Researchers at the University of Bergen (UiB) have discovered that proteins use a common chemical label to protect them from degradation, which affects motility and aging.
Proteins are key to all processes in our cells and understanding their functions and regulation is paramount.
For many years, we have known that almost all human proteins are modified by a specific chemical group, but its functional effect remains unchanged.”
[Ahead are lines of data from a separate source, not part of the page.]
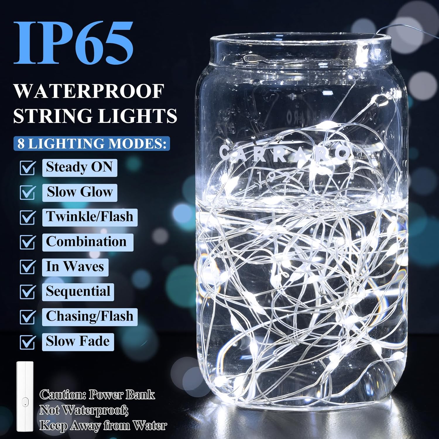 • Tangle-Free & Water-Resistant: Say goodbye to messy wires! These IP65-rated mini LED fairy lights battery operated feature tangle-free reinforced wiring that withstands humidity, perfect for mason jars and indoor plants. Built to last, they outshine ordinary battery string lights. Note: the included power bank is not waterproof—keep it dry for safe use
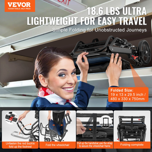 18,6 λίβρες Εξαιρετικά ελαφρύ: Με βάρος μόνο 18,6 λίβρες, αυτό το αναπηρικό καροτσάκι προσφέρει εύκολο και άνετο ταξίδι. Διαθέτοντας αναδιπλούμενο σχέδιο με ένα άγγιγμα για απλή και γρήγορη λειτουργία, σας επιτρέπει να απολαμβάνετε ταξίδια χωρίς εμπόδια οποιαδήποτε στιγμή, οπουδήποτε. Όταν διπλώνεται, το συμπαγές του μέγεθος χωράει εύκολα στο πορτμπαγκάζ αυτοκινήτων, προσθέτοντας άνεση και άνεση στα ταξίδια σας.
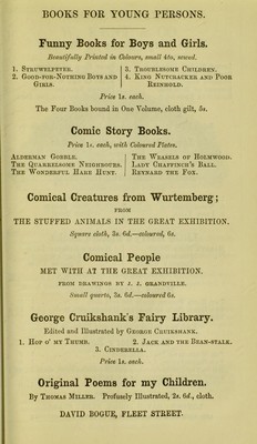 ![Illustrated Works—Continued.] The Gallery of Byron Beauties: Portraits of the Heroines of Lord Byron’s Poems, from Drawings by the most eminent Artists. Super-royal 8vo, morocco, 31s. 6d.highly coloured, £3. Heath’s Waverley Gallery. Portraits of the principal Female Characters in the Writings of Scott. Thirty-six highly- finished Plates. Super-royal 8vo, splendidly bound in morocco, 31s. 6d.; with coloured Plates, £3. Gallery of the Graces; or, Beauties of British Poets. Thirty-six beautiful Female Heads by Landseer, Boxall, F. Stone, &c., illustrating Tennyson, Campbell, Rogers, Landon, &e. Super-royal 8vo, 31s. 6d. morocco ; with coloured Plates, £3. Toriosities of Glass-making-: A History of the Art, Ancient and Modern. By Apsley Pellatt, Esq. With Six beautifully coloured Plates of Antique Yases, &c. Small 4to, cloth, 12s. The Cartoons of Raffaelle, from Hampton Court Palace. Engraved by John Burnet. With Descriptive Letterpress and Critical Remarks. Seven large Plates (24 inches by 34). In wrapper, 31s. 6d.; or coloured, 63s. Vestiges of Old London: A Series of finished Etchings from Original Drawings, with Descriptions, Historical Associations, and other References. By J. Wykeham Archer. Imperial 4to, India proofs, 50s. Views in Rome; Comprising all its principal edifices, and its surrounding Scenery. Engraved by W. B. Cooke. Thirty- eight Plates, with a Panoramic View of the City. 4to, 21s.; India proofs, £2 2s. The Bible Gallery: Eighteen Portraits of the Women mentioned in Scripture, beautifully Engraved from Original Draw- ings, with Letterpress Descriptions. Imperial 8vo, handsomely bound, 21s.; with Plates beautifully coloured, 42s. The Women of the Bible. Eighteen Portraits (forming a Second Series of The Bible Gallery). Handsomely bound, 21s.; coloured, 42s.](https://iiif.wellcomecollection.org/image/b24861224_0480.jp2/full/800%2C/0/default.jpg)
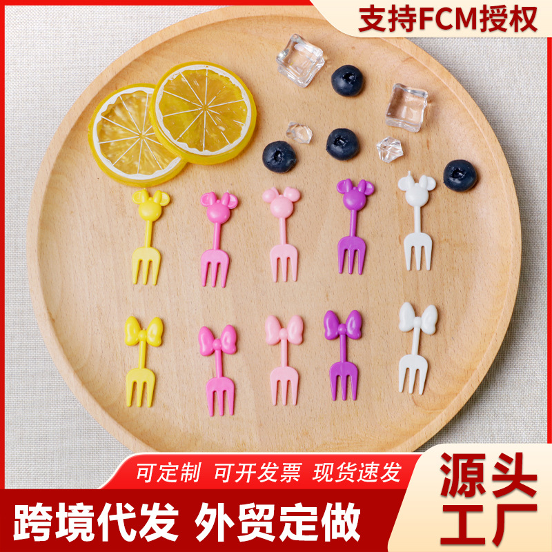 만화 과일 포크 세트, 귀여운 미니 도시락, 어린이 동물 스낵 장식, 창의적인 플라스틱 과일 스낵
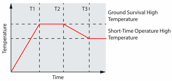 Figure 5 shows the temperature setpoint and step times required for the Ground Survival High Temperature and Short Temperature Test. The temperature gradient from T 0 to T 1 is not specified. Once the temperature stabilizes in the environmental chamber, the device is tested for at least 3 h. From T 2 to T 3 , the minimum temperature rate of change is specified to 2 m i n . The time from T 3 to T 4 is set to at least 30 min for equipment stabilization, and the test time from T 4 to T 5 is 30 min or more.
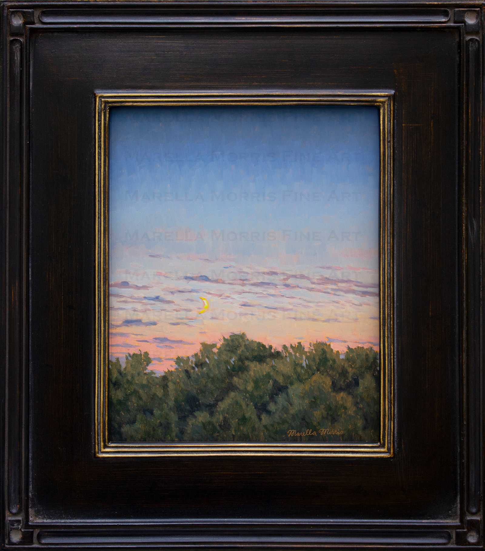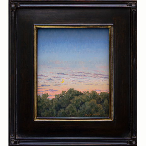 8 x 10 inch oil on gessoed hardboard. Finished in 3 inch dark hardwood frame with gold lip.
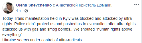 "Сегодня манифестация, проведенная в Киеве, была заблокирована из-за нападения ультраправых. Полиция не защитила нас и подтолкнула нас к эвакуации после того, как ультраправые напали на нас газовыми баллончиками и шашками. Мы скандировали "Права человека выше всего". Украина, похоже, находится под контролем ультрарадикалов".
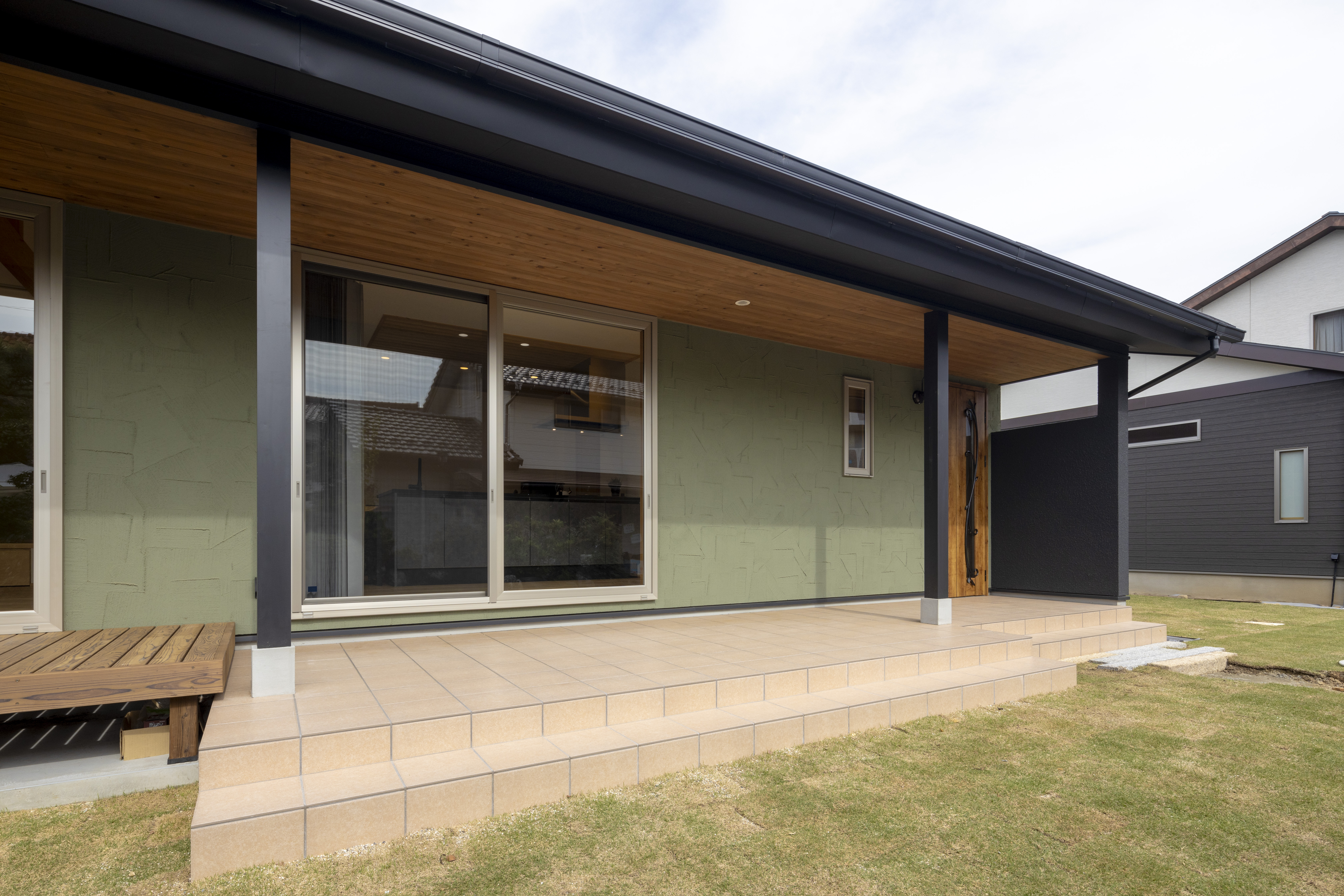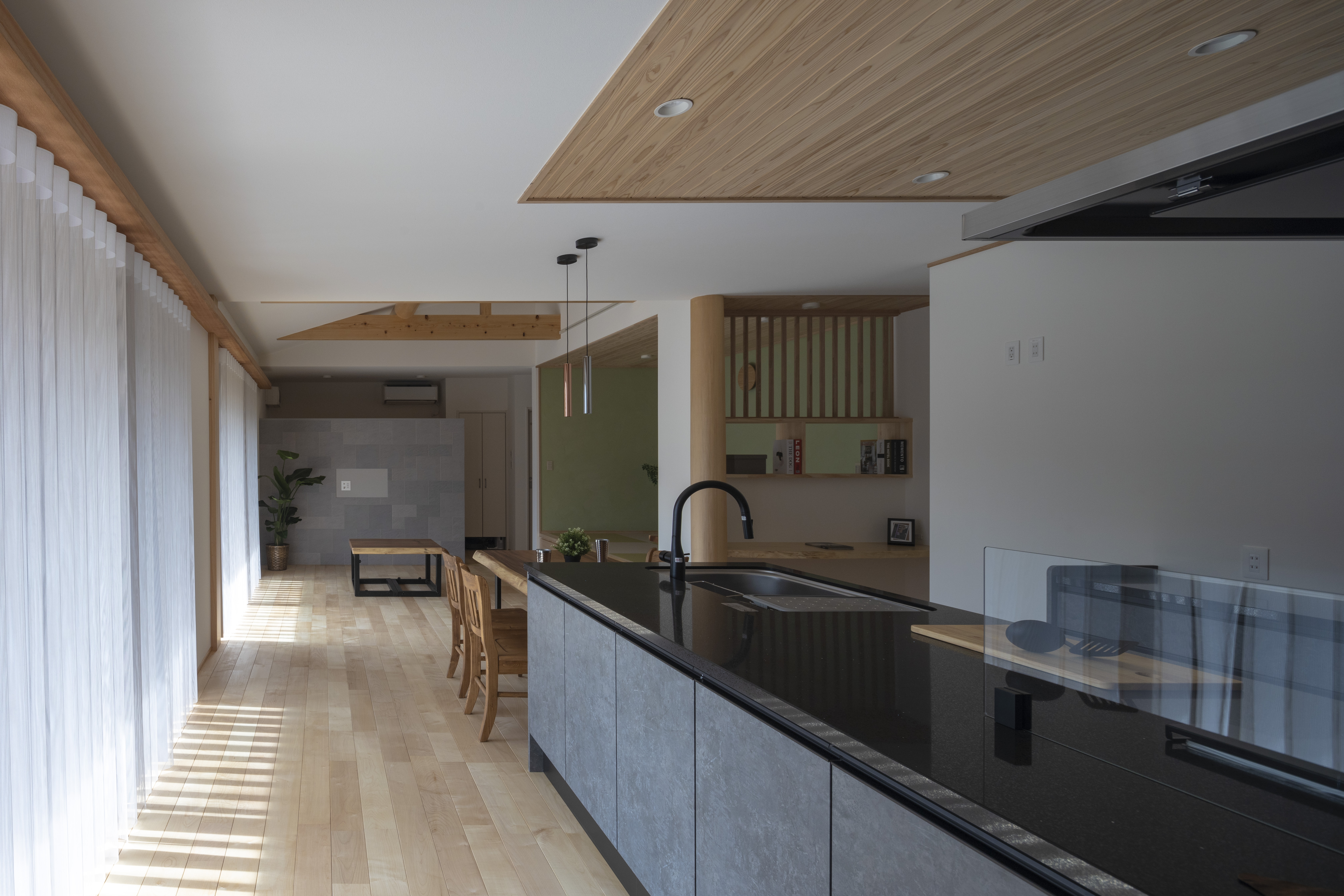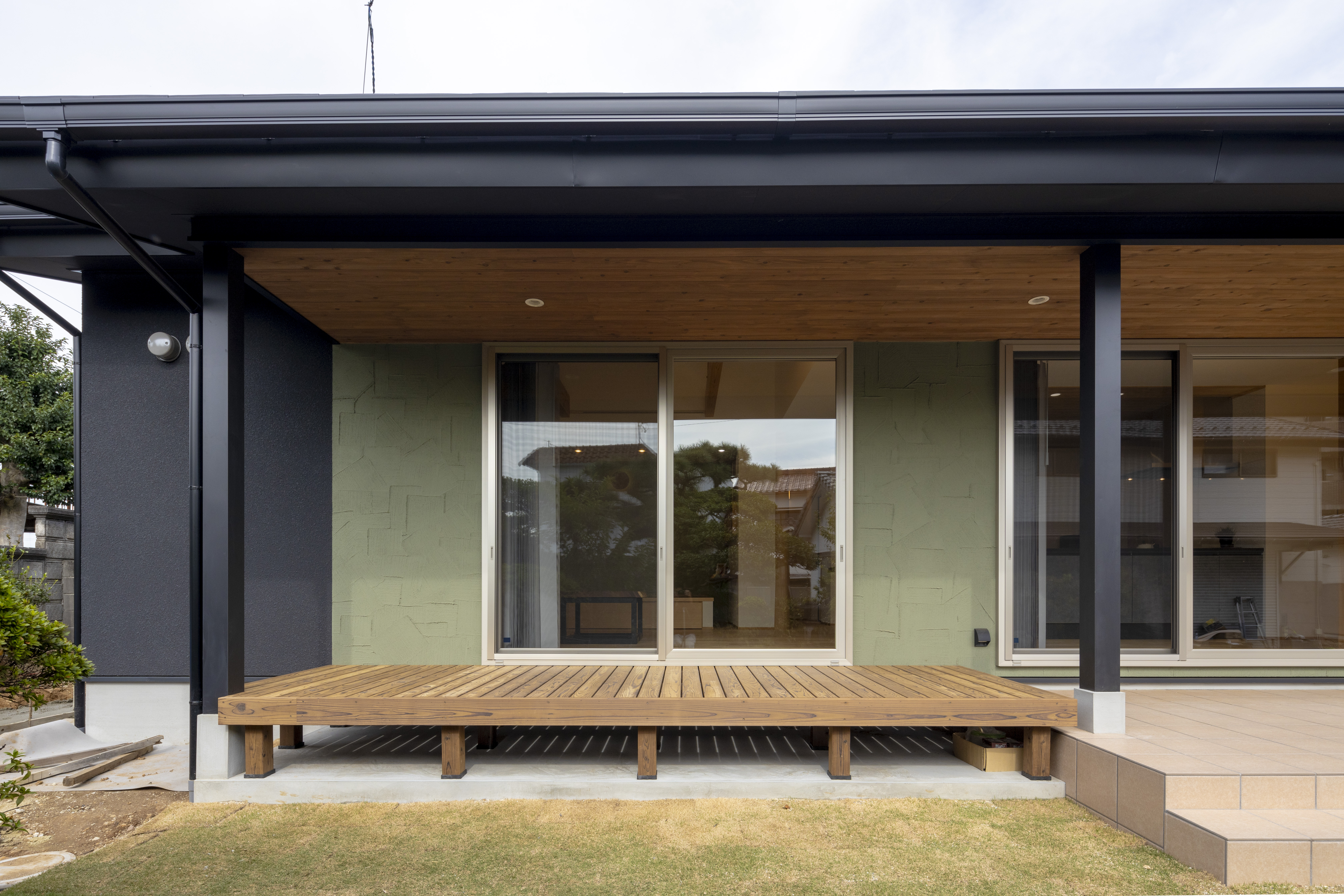 畳スペースの壁材:グリーンをミックスしたヒノキ漆喰壁で趣きのある空間に
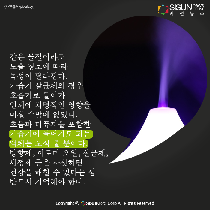 혹시라도 아직 세정제를 물에 섞어 공기 중에 분사되도록 나온 제품이 있다면 사용하지 말아야 한다. 가습기 살균제는 사람들의 폐에 섬유화 증세를 일으켰고, 2021년 1월 기준 신고된 사망자만 1,700여 명이 넘는다. 같은 물질이라도 노출 경로에 따라 독성이 달라진다. 가습기 살균제의 경우 호흡기로 들어가 인체에 치명적인 영향을 미칠 수밖에 없었다. 초음파 디퓨저를 포함한 가습기에 들어가도 되는 액체는 오직 물 뿐이다. 방향제, 아로마 오일, 살균제, 세정제 등은 자칫하면 건강을 해칠 수 있다는 점 반드시 기억해야 한다.
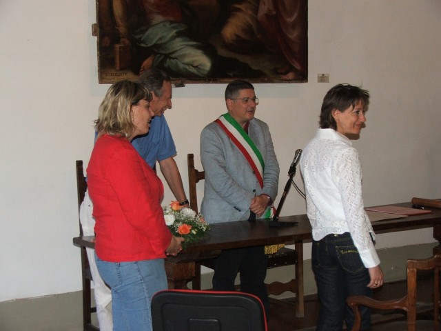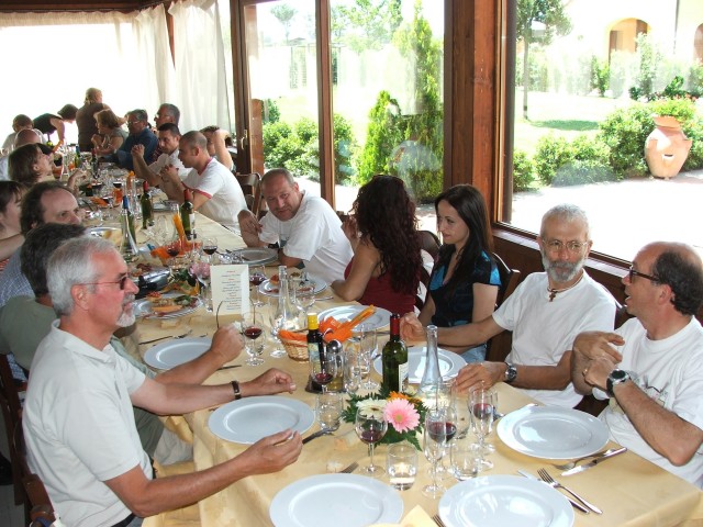 E' un appunto ormai scolorito datato "Notte sotto le stelle" (15/8/06) al quale non era stato fornito alcun particolare; mi era stato detto semplicemente che quel giorno (oggi) dovevo essere a Serristori, niente altro. Poi, col tempo, abbiamo scoperto l'arcano: avvalendosi di costellazioni, metar, taf, carte del tempo ed altre diavolerie del genere, Valeria e "Orso" avevano stabilito che oggi era il "loro" giorno e avevano deciso di convolare a giuste nozze (cosa non farebbe un uomo pur di passare a giocare nella squadra "sposati" nella leggendaria ed immancabile partita "sposati" contro "celibi"!).
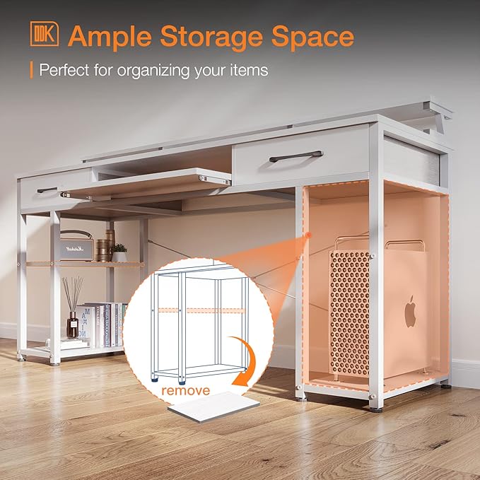 ODK Computer Desk with Drawers & Power Outlet, 63 Inch Office Desk with Keyboard Tray & Storage Shelves & PC Stand, Large Office Table Work Desk with Monitor Stand, White

Thomas Arnesen, Professor, Department of Biomedicine, University of Bergen
She explains:
“One of the most common protein modifications in human cells is N-terminal acetylation, which is the addition of a small chemical group (acetyl) to the early end (N-terminus) of a protein. The modification is initiated by a group of N-terminal acetyltransferases (NATs). Although the enzyme is “ubiquitous” in human cells, the functional role of this modification remains enigmatic, Arnesen explained.
He is an investigator in a new study that reveals that a key function of this protein modification is to protect the protein from degradation and is essential for normal longevity and motility.
CRISPR-Cas9 technology sheds new light on N-terminal acetylation
To address this question, molecular biologist and researcher Sylvia Verland spent two years at the Donnelly Center for Cellular and Biomolecular Research at the University of Toronto, Canada, supported by a FRIPRO mobility grant from the Research Council of Norway.
Here, he used the established CRISPR-Cas9 technology and robust screening platform available in an optimal scientific environment to determine the functional roles of human NAT enzymes. Verland focused on NatC, a major human NAT enzyme, and genome-wide screening of human NatC KO cells revealed many human genes likely to be involved in N-terminal acetylation.
“This research would not have seen the light of day without the inspiring scientific environment at the Donnelly Center combined with financial support from the Marie Skłodowska-Curie Actions,” said Verland.
Back in the Arnesen lab at UIB, Verland explored the molecular implications of his genetic findings with the help of PhD student Ini Kjos and other lab members. Biochemical, cell biology and proteomics experiments have demonstrated that N-terminal acetylation acts as a shield to protect many proteins from protein degradation. Proteins lacking N-terminal acetylation were recognized by the cellular degradation machinery (Figure 1).
“N-terminal acetylation has the ability to dictate the lifespan of a protein and affects our cells in many ways,” Verland said. “This is true for humans, and it’s also true for fruit flies, which are a very useful model for studying these protein changes,” he continued.
N-terminal acetylation may influence aging
In parallel, a research group of Rui Martinho, an investigator at the University of Aveiro in Portugal, was working on the biological effects of NatC-mediated N-terminal acetylation using a fruit fly model (Drosophila).
Postdoctoral researcher Rui Silva and colleagues studied flies lacking N-terminal acetylation. The two teams decided to combine their efforts and coordinated their experiments over the past two years. Flies lacking NatC were viable, but these flies had reduced longevity and reduced motility with age (Figure 2). These effects can be partially reversed by expressing a conserved protein between flies and humans that is found to be a key target of NatC protection.
Decoding the NatC puzzle
In conclusion, using an unbiased and global genetic screen combined with cellular phenotyping, the team discovered a general function for N-terminal acetylation to protect proteins from degradation in human cells.
Molecular investigations have defined the cellular factors (ubiquitin ligases) responsible for the degradation of a major class of human proteins when lacking N-terminal acetylation. A NatC-mediated protective role of specific proteins is evident in both human cells and fruit flies. The impact of these pathways on longevity and mobility in older individuals underscores the important role of protein N-terminal acetylation.
“This work uncovers some secrets and shows how N-terminal acetylation shapes individual protein fates,” concludes Thomas Arnesen.
The Norwegian part of this work was supported by research grants from the Research Council of Norway, the Norwegian Health Authorities of Western Norway, the Norwegian Cancer Society and the European Research Council (ERC).
Source:
Journal Reference:
Verland, S., etc (2023). N-terminal acetylation protects proteins from degradation and promotes age-dependent motility and longevity. Nature communication. doi.org/10.1038/s41467-023-42342-y.